KNeighborsClassifier(algorithm='auto', leaf_size=30, metric='minkowski',
           metric_params=None, n_jobs=None, n_neighbors=2, p=2,
           weights='uniform')

In [217]:
# Score our model
print('train score ', knn.score(X_train, y_train))
print('test score ', knn.score(X_test, y_test))
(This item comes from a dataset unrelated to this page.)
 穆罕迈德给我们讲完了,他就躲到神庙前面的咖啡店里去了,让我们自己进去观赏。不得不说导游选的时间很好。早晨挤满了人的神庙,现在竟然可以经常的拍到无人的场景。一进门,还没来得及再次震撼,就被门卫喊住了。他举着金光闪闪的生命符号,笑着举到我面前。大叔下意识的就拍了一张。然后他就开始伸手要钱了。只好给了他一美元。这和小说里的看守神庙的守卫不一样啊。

train score  0.6809242871189773
test score  0.3909830007390983


In [218]:
from sklearn.tree import DecisionTreeClassifier, export_graphviz
from sklearn.externals.six import StringIO 

In [226]:
# build model
classifier = DecisionTreeClassifier(criterion='gini', max_depth=5)
classifier.fit(X, y)
# Score our model
print('train score ', classifier.score(X_train, y_train))
print('test score ', classifier.score(X_test, y_test))
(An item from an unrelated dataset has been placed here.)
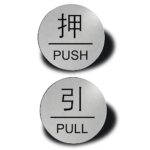 Seagronの押す引くドアプレートは、シルバー色の2㎜アクリル製でおしゃれな丸型デザイン。両面テープ付きで簡単に取り付け可能。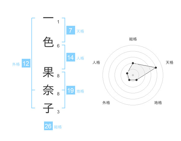 一色 果奈子さんを姓名の画数から五運を鑑定

train score  0.49065880039331367
test score  0.4515890613451589


In [229]:
# build model
from sklearn.svm import SVC
model = SVC(kernel='linear', C=1E10)
model.fit(X, y)
# Score our model
print('train score ', model.score(X_train, y_train))
print('test score ', model.score(X_test, y_test))

train score  0.9788593903638152
test score  0.6164079822616408


In [230]:
model.support_vectors_

array([[0., 0., 0., ..., 0., 0., 0.],
       [0., 0., 0., ..., 0., 0., 0.],
       [0., 0., 0., ..., 0., 0., 0.],
       ...,
       [0., 0., 0., ..., 0., 0., 0.],
       [0., 0., 2., ..., 0., 0., 0.],
       [0., 0., 0., ..., 0., 0., 0.]])

In [234]:
#Extra Trees
# Create adaboost classifer object
from sklearn.ensemble import AdaBoostClassifier
from sklearn import datasets
from sklearn import metrics
abc = AdaBoostClassifier(n_estimators=50,
                         learning_rate=1)
# Train Adaboost Classifer
model = abc.fit(X_train, y_train)

#Predict the response for test dataset
y_pred = model.predict(X_test)

In [235]:
print("Accuracy:",metrics.accuracy_score(y_test, y_pred))
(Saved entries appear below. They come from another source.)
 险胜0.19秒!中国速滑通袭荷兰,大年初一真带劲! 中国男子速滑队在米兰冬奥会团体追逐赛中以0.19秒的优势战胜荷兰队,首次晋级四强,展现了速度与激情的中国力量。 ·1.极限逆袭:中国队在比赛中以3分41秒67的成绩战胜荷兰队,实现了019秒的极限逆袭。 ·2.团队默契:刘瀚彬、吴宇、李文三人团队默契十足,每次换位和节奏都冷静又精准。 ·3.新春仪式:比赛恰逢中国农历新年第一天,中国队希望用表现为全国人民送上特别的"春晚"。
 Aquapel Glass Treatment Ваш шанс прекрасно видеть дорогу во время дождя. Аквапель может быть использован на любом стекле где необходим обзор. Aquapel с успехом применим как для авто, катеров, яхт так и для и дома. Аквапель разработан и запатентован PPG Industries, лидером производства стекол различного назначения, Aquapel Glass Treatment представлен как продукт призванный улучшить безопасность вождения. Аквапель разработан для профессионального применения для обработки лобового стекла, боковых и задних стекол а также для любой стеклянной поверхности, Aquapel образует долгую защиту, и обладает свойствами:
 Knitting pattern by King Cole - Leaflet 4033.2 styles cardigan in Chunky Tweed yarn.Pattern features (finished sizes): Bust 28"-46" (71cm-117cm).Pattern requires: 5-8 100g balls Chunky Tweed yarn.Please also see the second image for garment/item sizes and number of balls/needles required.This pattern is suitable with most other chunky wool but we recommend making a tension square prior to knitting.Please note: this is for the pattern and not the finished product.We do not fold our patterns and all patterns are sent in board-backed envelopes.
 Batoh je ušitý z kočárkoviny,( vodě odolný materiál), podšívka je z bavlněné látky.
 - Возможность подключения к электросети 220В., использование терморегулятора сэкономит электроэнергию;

Accuracy: 0.623059866962306


### Bonus: Other classifiers

Adapt the code from [this example](http://scikit-learn.org/stable/auto_examples/text/document_classification_20newsgroups.html#example-text-document-classification-20newsgroups-py) to compare across all the classifiers suggested and to display the final plot

### Bonus: 

- #### Fit a model to the 20newsgroups dataset with all classes

- #### Choose texts, for example from newspaper articles, and check what is the class label predicted for them. Does the predicted label meet your expectations?